Kıvılcım’ın morali bozuktur ve isyanını şu cümlelerle dile getirir; "Ülkenin hali kadınların başına gelenler, benim yaşadıklarım ne ki. Can güvenliğim yok diye bas bas bağıran kadınları bile koruyamıyoruz. Her gün yeni bir vahşet hikayesine uyanıyoruz. Bana bir şey olmaz diye bir şey yok. Bir köyde çocuk katlediliyor kimsenin sesi çıkmıyor. Başka bir yerde sokak ortasında iki adam taciz ediyor, sıkıştırıyor, bir annenin kızının kafası önüne atılıyor. Bu dünya nereye gidiyor."

Bu sözlere imzasını atmayacak bir Allah’ın kulu var mı? Yok bence… Ama konumuz bu değil?

Neydi sorumuz? “Dizilerin görevi halkı eğitmek ve mesaj vermek mi?”

Ve üstelik bu dizimizde sık sık gündeme ilişkin sosyal mesajlar yer almakta! Ben doz aşımı olduğu için yapılan bu tür mesajları pazarlama taktiği olarak görmekteyim… Kimse kusura bakmasın…

Ayrıca sosyal mesaj verme çabası içindeki senaristlere ve sanat yönetmenine bir küçük abi nasihatı…

Dostlar, Romalılar, yurttaşlar, dinleyin; ben 'Ekran Kedisi'

Kıvılcım ve Ömer’in boşanma sahnesine lütfen dönüp bir bakın! İstanbul Bölge Adliye Mahkemesi…

Peki, Bölge Adliye Mahkemelerinin görevi nedir?

Bölge idare mahkemelerinin görevleri şunlardır: a) İstinaf başvurularını inceleyip karara bağlamak. b) Yargı çevresindeki idare ve vergi mahkemeleri arasında çıkan görev ve yetki uyuşmazlıklarını kesin karara bağlamak. c) Diğer kanunlarla verilen görevleri yapmak.

Yani? Boşanma davalarında görevli mahkeme Aile Mahkemesidir... Bölge Adliye Mahkemesi değil!

Senaristlerin, Türkiye gündemini takip etmeleri güzel alışkanlık. Ama asıl dikkat etmeleri gereken konulara biraz daha özen göstermeleri gerekmez mi?

Bu arada 71. Bölümün giriş sahnesini de ne olur bir daha izleyin! Eski Flash TV’nin dizilerinden kopup gelmiş diyaloglar nedir arkadaş ya! Fatih, Doğa’yı görür şaşırır! Bu arada çiftimiz boşanmış bir de çocukları var! Fatih’in şaşırma sahnesindeki bakışları görmeniz lazım!

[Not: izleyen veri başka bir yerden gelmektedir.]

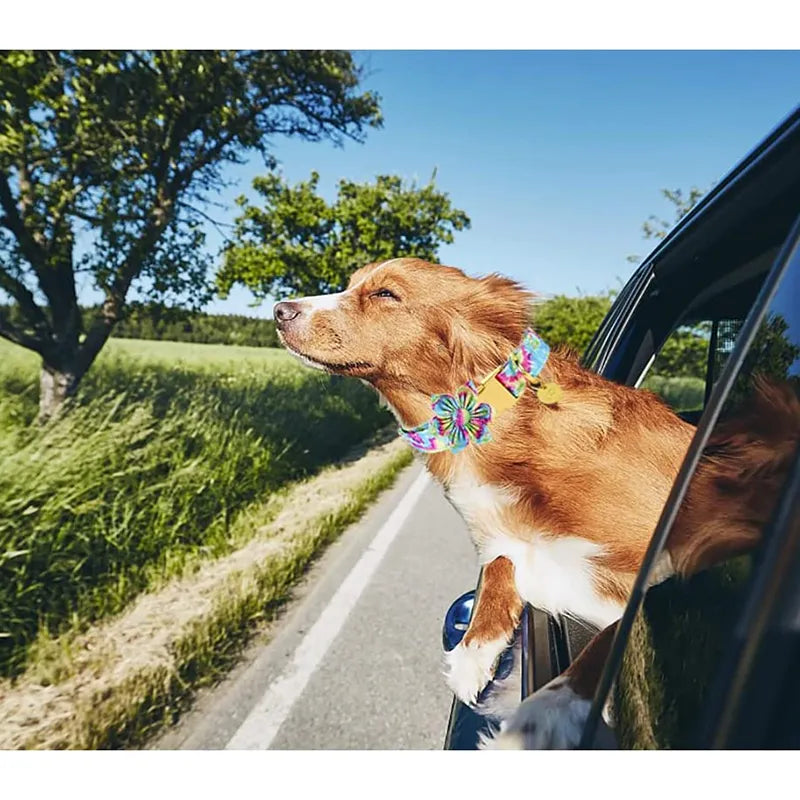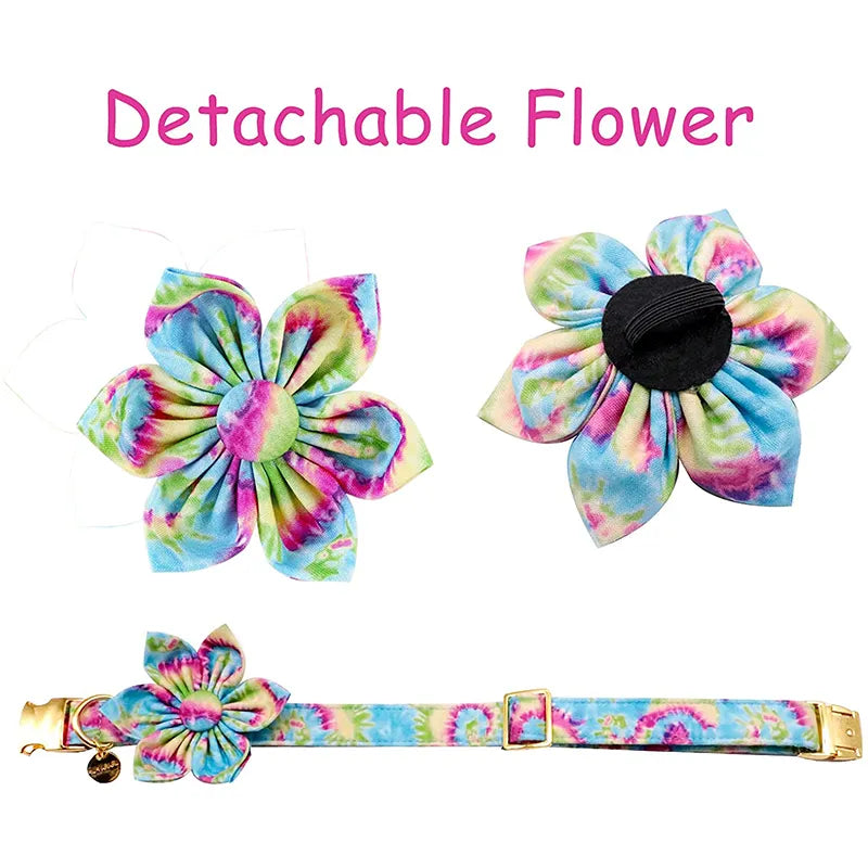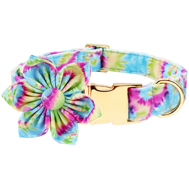 Unique Style Paws Personalized Cotton Dog Collar with Bow Tie Flower Colorful Tie Dye Pet Dog Collar for Large Medium Small Dog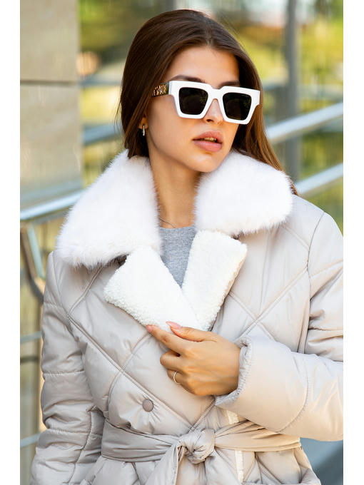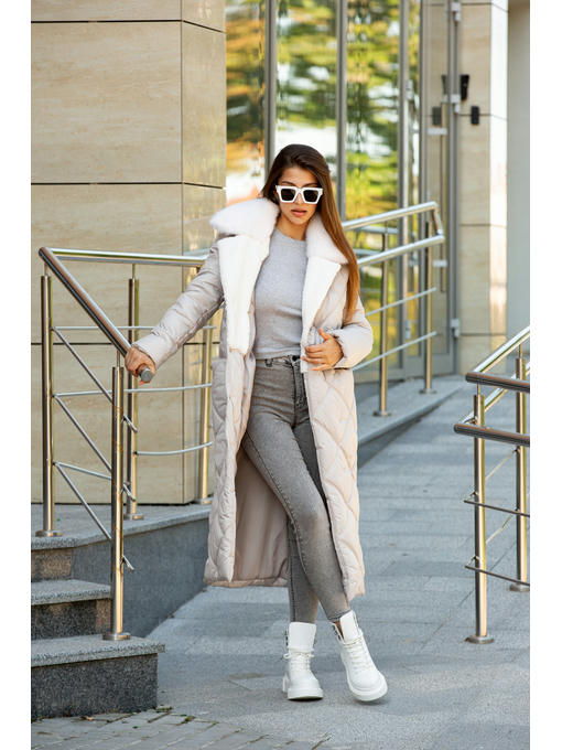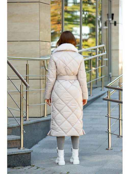 Зимнее стеганое пальто с водоотталкивающей плащевки и эко меха норки на воротнике.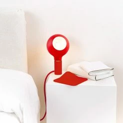 Lampe orange composée d’une douille magnétique à sa base et une ampoule de la même couleur, création de Filotto.

Doğa kızımız ‘Fatih’ der. Fatih de ‘Doğa’ der! Aman Allah’ım bu ne ızdırap! Ardından başlar diyaloglar…

Fatih: Senin ne işin var burda?

Doğa: Öyle kafa dinlemeye çıktım biraz. Asıl senin ne işin var burda?

Yaklaşık 7 dakika 15 saniye süren bir sahne! Hele hele o kamera açıları yok mu beni benden aldı!

Reyting kaygısı içinde her şeyi kendine mubah gören yapımcılara ve kanal yöneticilerine diyorum ki sayenizde, 'Kan kustum ve Kızılcık Şerbeti içtim…'

Sallamaya devam edin sosyal medyayı olur mu?